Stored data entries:
- - -

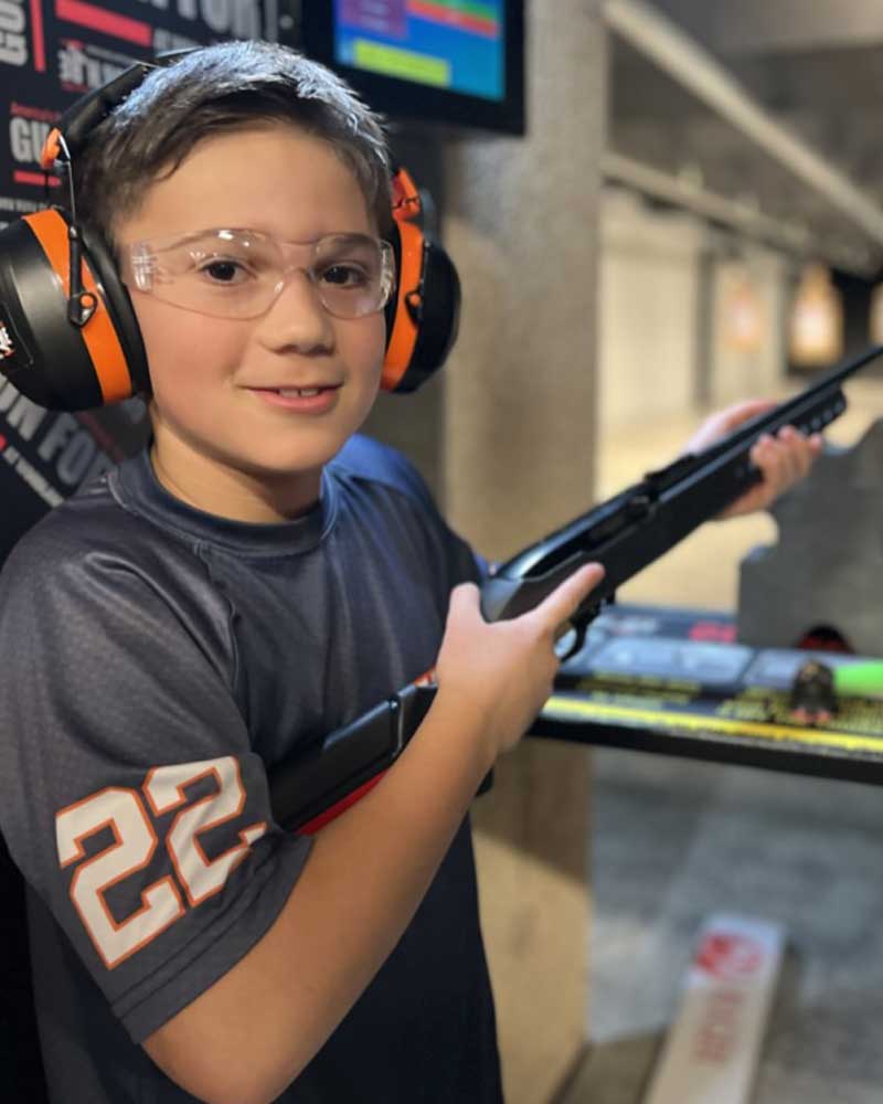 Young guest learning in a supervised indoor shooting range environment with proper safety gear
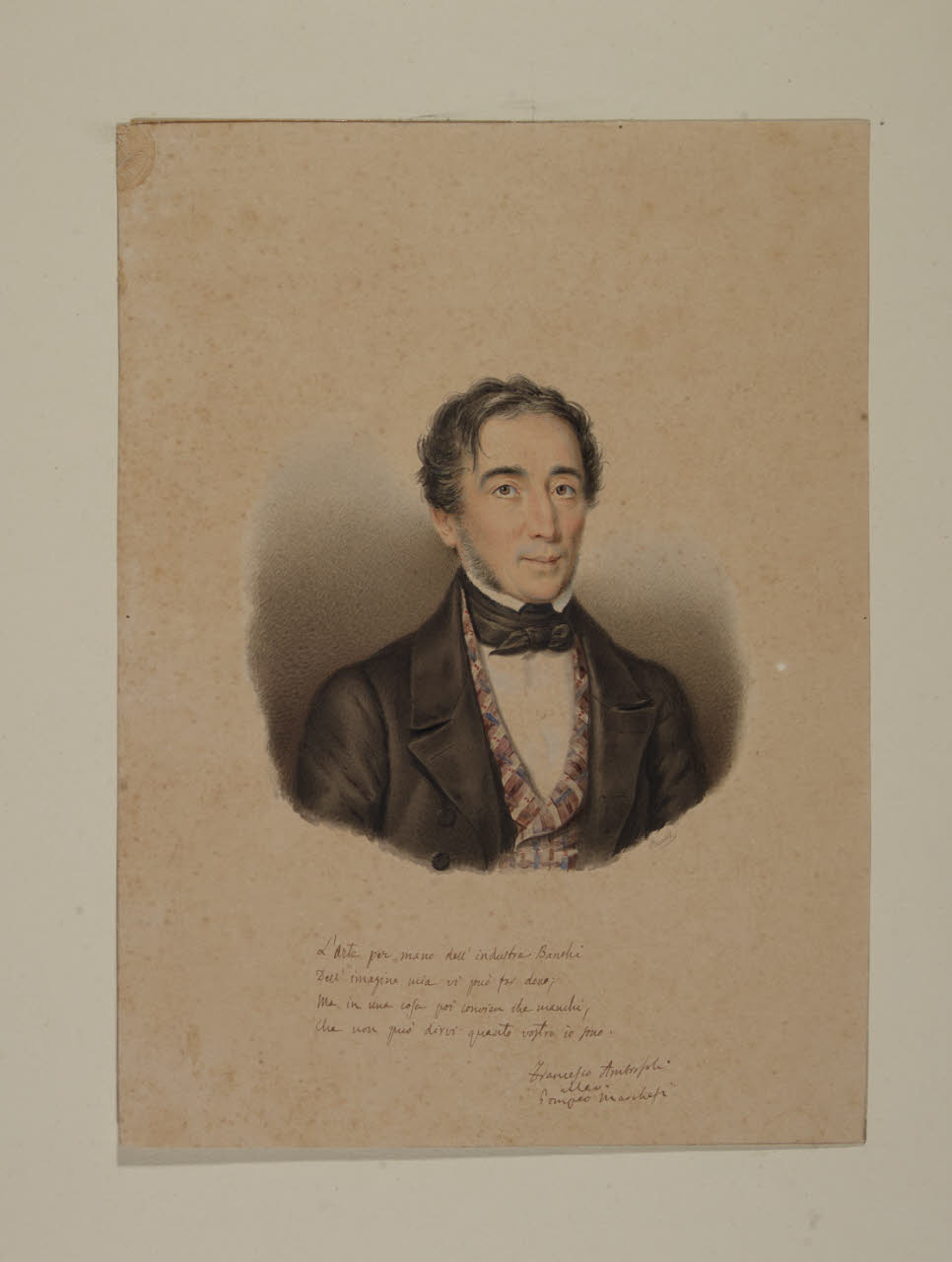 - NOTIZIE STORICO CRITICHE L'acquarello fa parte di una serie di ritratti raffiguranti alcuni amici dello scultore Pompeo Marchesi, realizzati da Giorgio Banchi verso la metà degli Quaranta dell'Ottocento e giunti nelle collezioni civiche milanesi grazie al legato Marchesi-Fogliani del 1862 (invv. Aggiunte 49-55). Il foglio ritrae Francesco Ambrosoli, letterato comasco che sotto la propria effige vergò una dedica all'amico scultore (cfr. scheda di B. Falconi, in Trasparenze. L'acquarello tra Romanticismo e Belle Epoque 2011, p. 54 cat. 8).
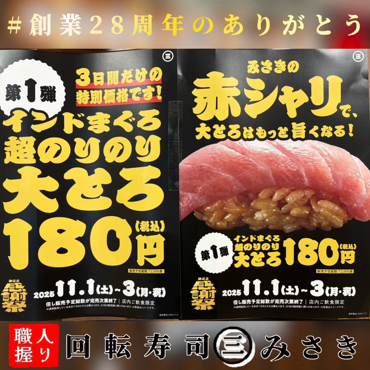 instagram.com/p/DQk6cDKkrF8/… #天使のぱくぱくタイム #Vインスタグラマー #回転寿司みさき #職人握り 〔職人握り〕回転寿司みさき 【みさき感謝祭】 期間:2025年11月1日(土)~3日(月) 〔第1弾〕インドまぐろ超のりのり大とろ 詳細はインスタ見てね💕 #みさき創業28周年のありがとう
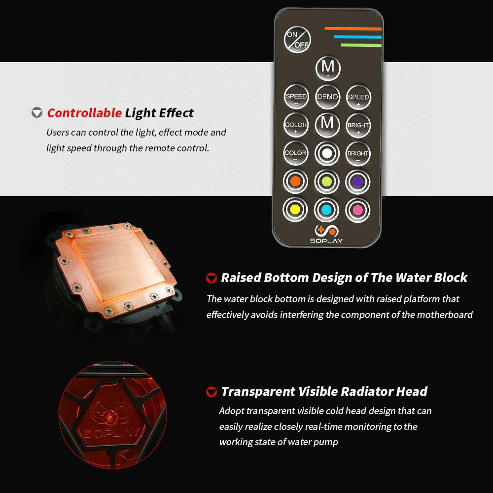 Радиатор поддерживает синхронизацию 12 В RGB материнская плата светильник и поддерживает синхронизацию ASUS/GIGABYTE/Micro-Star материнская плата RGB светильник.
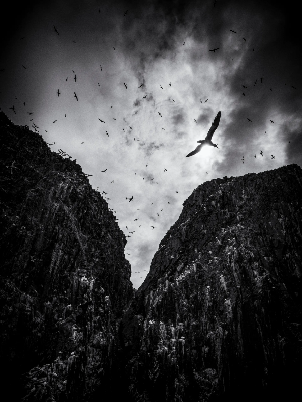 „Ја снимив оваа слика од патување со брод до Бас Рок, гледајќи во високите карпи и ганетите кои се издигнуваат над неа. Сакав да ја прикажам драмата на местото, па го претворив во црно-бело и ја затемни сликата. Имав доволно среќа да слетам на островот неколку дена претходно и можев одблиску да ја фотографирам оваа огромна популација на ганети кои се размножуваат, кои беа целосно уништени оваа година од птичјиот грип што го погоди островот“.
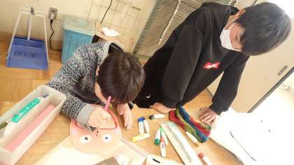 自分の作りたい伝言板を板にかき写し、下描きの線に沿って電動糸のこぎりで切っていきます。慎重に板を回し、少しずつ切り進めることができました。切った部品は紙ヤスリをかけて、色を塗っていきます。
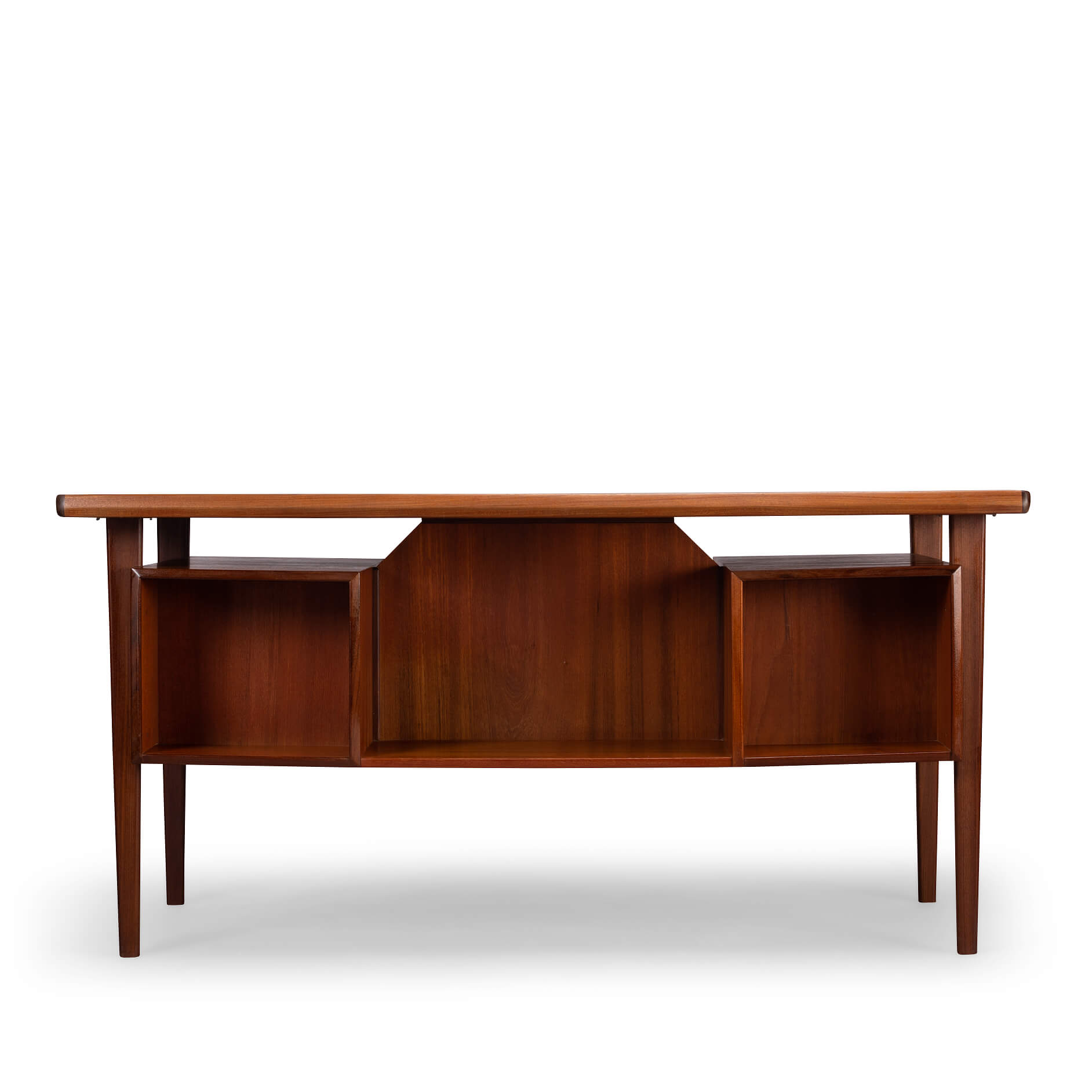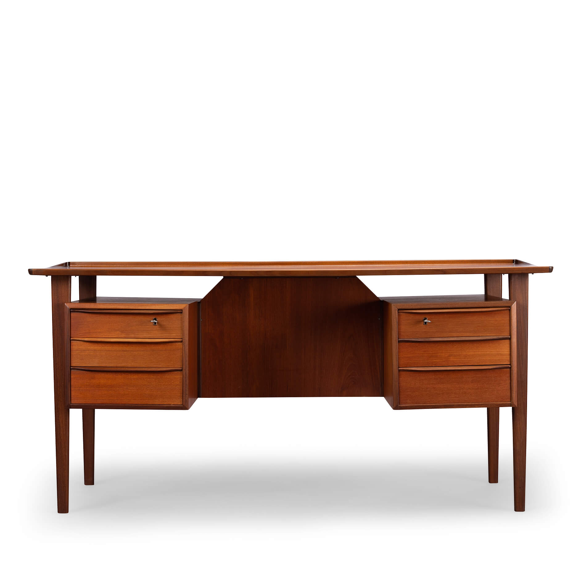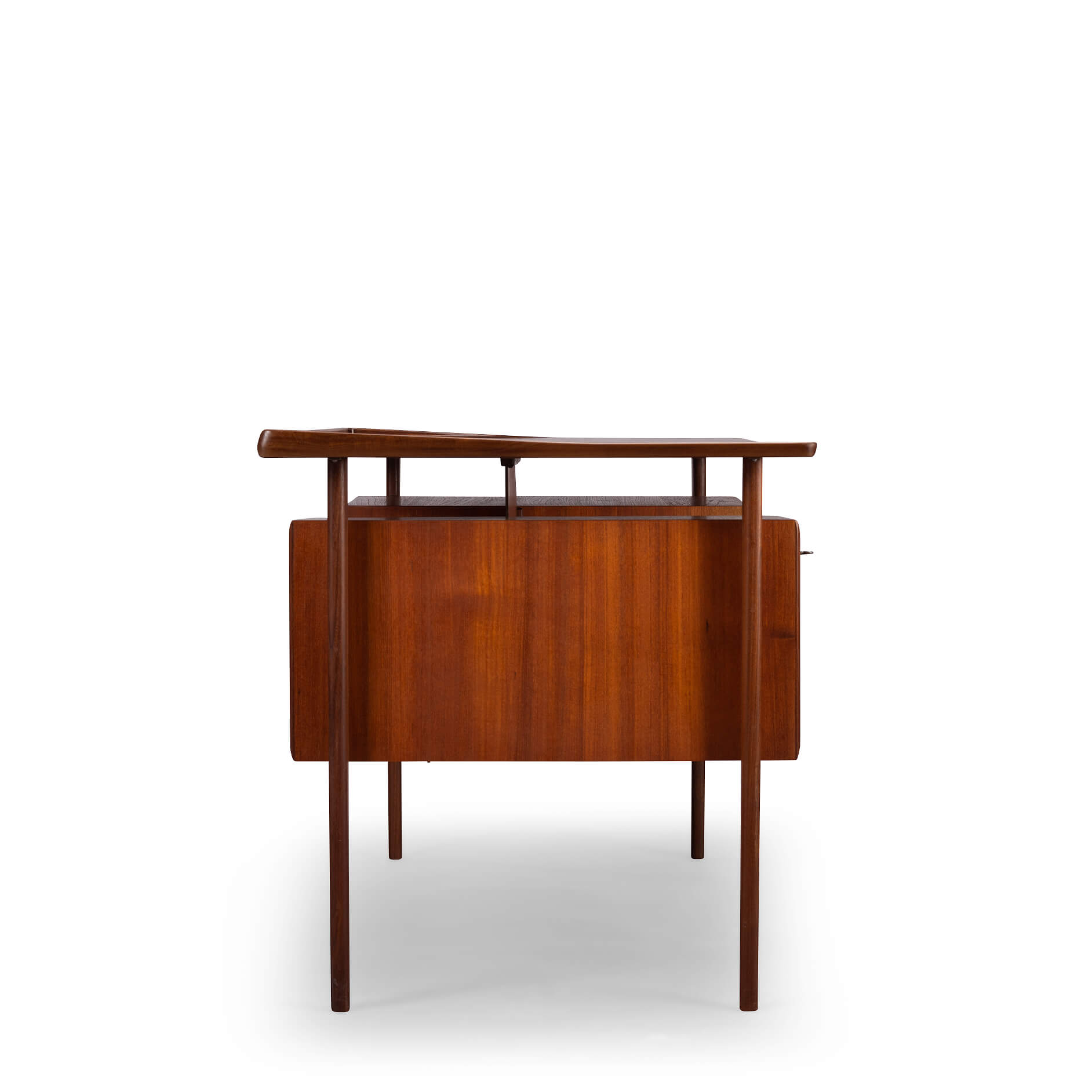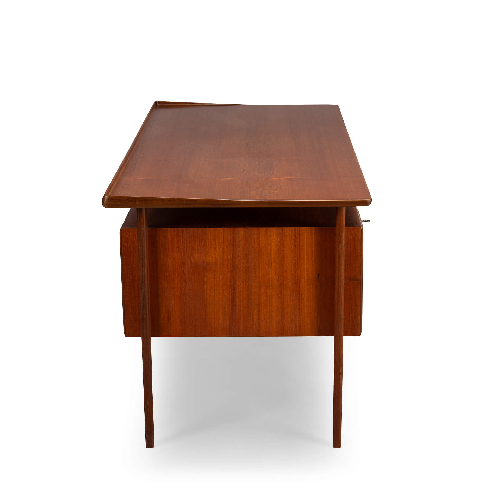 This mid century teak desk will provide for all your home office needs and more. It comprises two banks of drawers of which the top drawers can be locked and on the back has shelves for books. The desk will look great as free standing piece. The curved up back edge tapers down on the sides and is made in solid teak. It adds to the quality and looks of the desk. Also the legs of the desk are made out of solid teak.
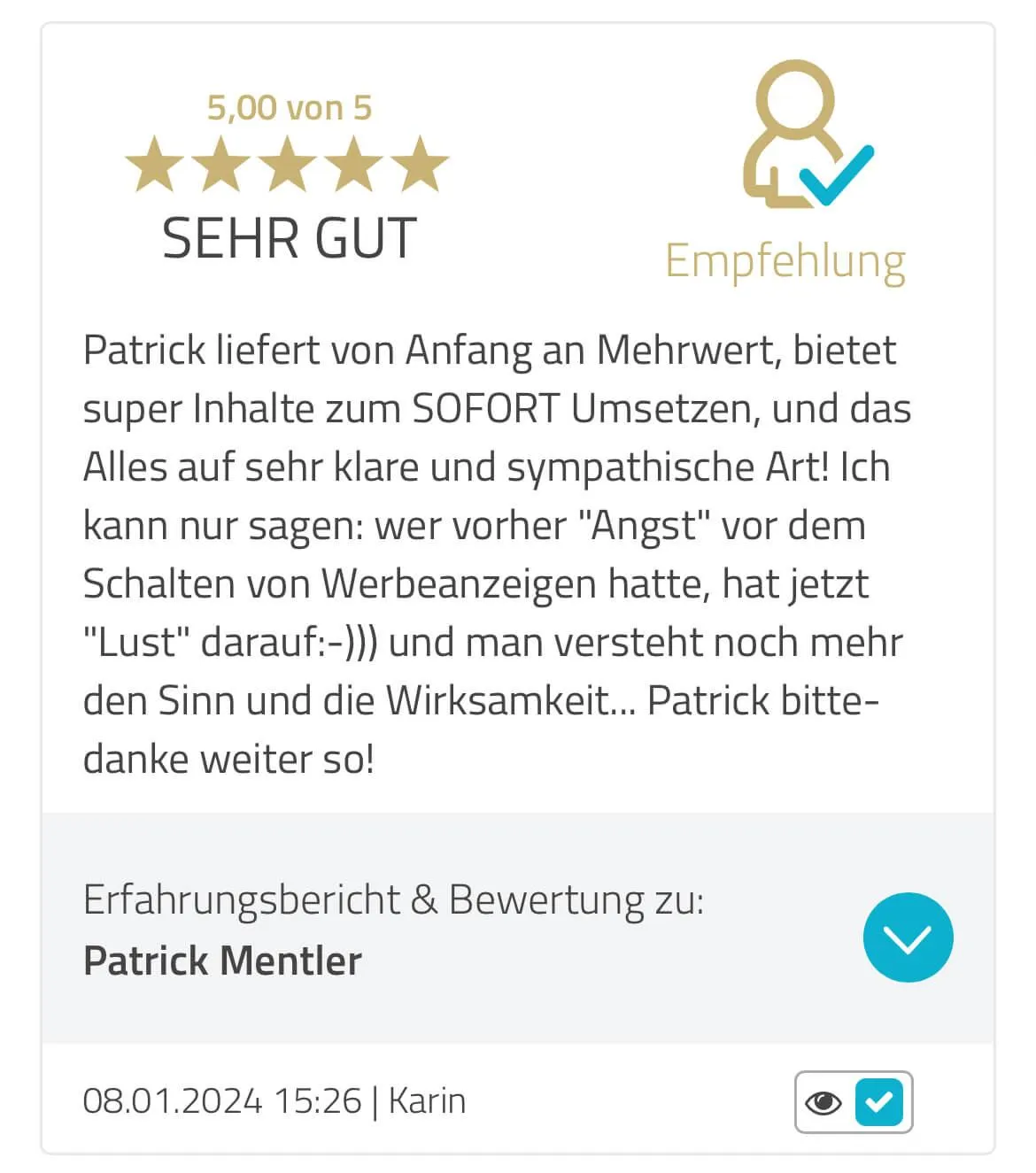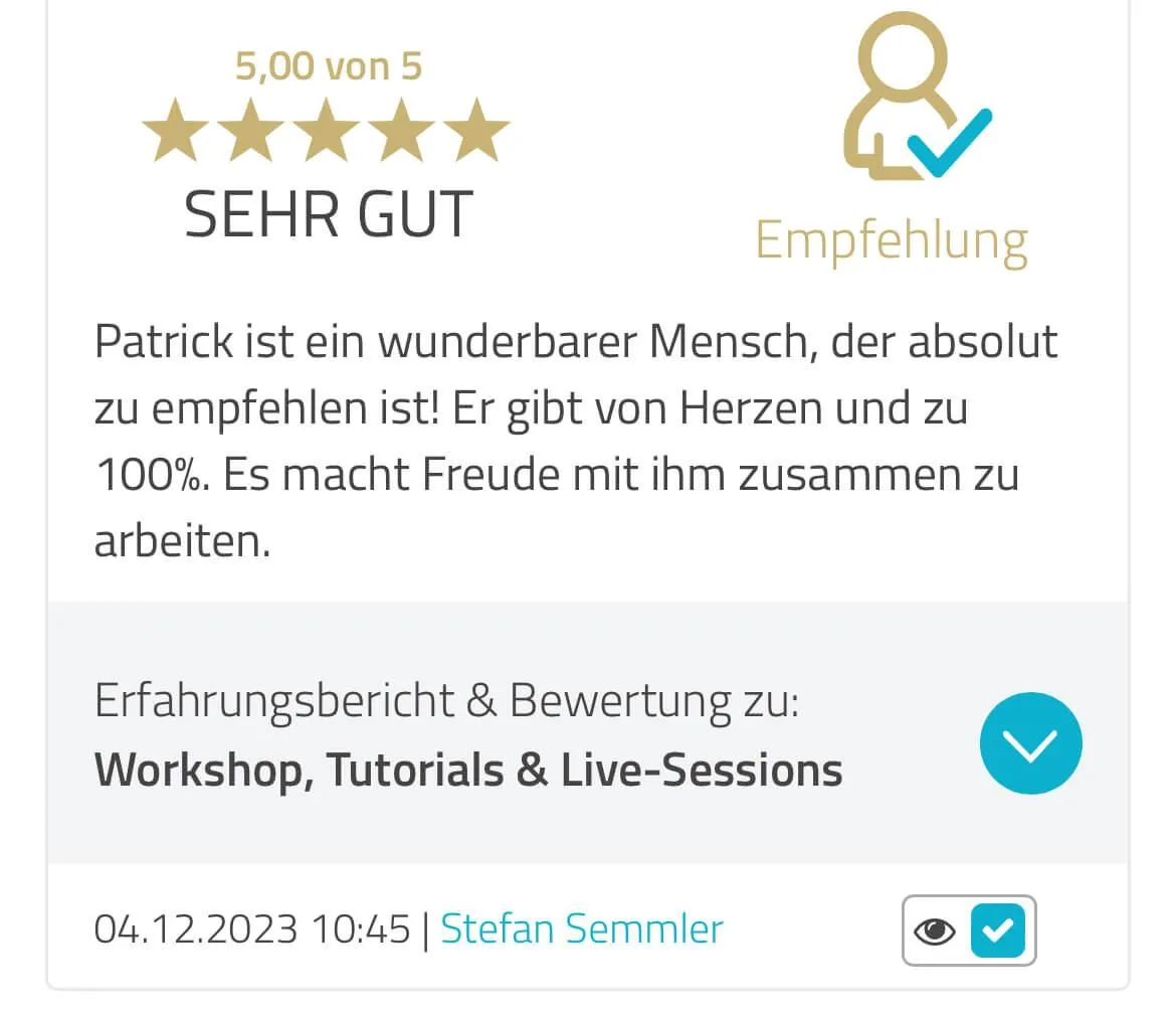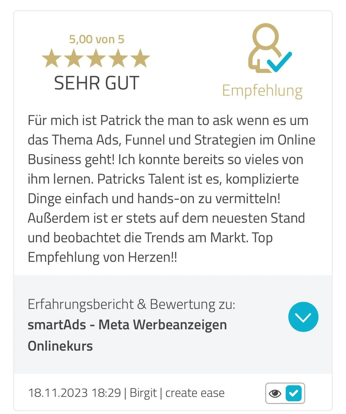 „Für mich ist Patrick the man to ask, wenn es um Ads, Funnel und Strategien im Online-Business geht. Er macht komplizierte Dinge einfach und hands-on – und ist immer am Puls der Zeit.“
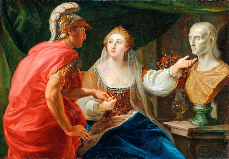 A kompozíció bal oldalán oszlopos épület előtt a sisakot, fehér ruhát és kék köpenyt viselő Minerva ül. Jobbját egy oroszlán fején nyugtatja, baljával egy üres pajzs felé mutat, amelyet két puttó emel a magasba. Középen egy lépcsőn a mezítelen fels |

- - -

▸ INSTRUCTIONS FOR THE TASK: Quote the data above in full, leaving out the pictures it holds.

▸ WRITTEN RESPONSE:
 Young guest learning in a supervised indoor shooting range environment with proper safety gear
 - NOTIZIE STORICO CRITICHE L'acquarello fa parte di una serie di ritratti raffiguranti alcuni amici dello scultore Pompeo Marchesi, realizzati da Giorgio Banchi verso la metà degli Quaranta dell'Ottocento e giunti nelle collezioni civiche milanesi grazie al legato Marchesi-Fogliani del 1862 (invv. Aggiunte 49-55). Il foglio ritrae Francesco Ambrosoli, letterato comasco che sotto la propria effige vergò una dedica all'amico scultore (cfr. scheda di B. Falconi, in Trasparenze. L'acquarello tra Romanticismo e Belle Epoque 2011, p. 54 cat. 8).
 instagram.com/p/DQk6cDKkrF8/… #天使のぱくぱくタイム #Vインスタグラマー #回転寿司みさき #職人握り 〔職人握り〕回転寿司みさき 【みさき感謝祭】 期間:2025年11月1日(土)~3日(月) 〔第1弾〕インドまぐろ超のりのり大とろ 詳細はインスタ見てね💕 #みさき創業28周年のありがとう
 Радиатор поддерживает синхронизацию 12 В RGB материнская плата светильник и поддерживает синхронизацию ASUS/GIGABYTE/Micro-Star материнская плата RGB светильник.
 „Ја снимив оваа слика од патување со брод до Бас Рок, гледајќи во високите карпи и ганетите кои се издигнуваат над неа. Сакав да ја прикажам драмата на местото, па го претворив во црно-бело и ја затемни сликата. Имав доволно среќа да слетам на островот неколку дена претходно и можев одблиску да ја фотографирам оваа огромна популација на ганети кои се размножуваат, кои беа целосно уништени оваа година од птичјиот грип што го погоди островот“.
 自分の作りたい伝言板を板にかき写し、下描きの線に沿って電動糸のこぎりで切っていきます。慎重に板を回し、少しずつ切り進めることができました。切った部品は紙ヤスリをかけて、色を塗っていきます。
 This mid century teak desk will provide for all your home office needs and more. It comprises two banks of drawers of which the top drawers can be locked and on the back has shelves for books. The desk will look great as free standing piece. The curved up back edge tapers down on the sides and is made in solid teak. It adds to the quality and looks of the desk. Also the legs of the desk are made out of solid teak.
 „Für mich ist Patrick the man to ask, wenn es um Ads, Funnel und Strategien im Online-Business geht. Er macht komplizierte Dinge einfach und hands-on – und ist immer am Puls der Zeit.“
 A kompozíció bal oldalán oszlopos épület előtt a sisakot, fehér ruhát és kék köpenyt viselő Minerva ül. Jobbját egy oroszlán fején nyugtatja, baljával egy üres pajzs felé mutat, amelyet két puttó emel a magasba. Középen egy lépcsőn a mezítelen fels |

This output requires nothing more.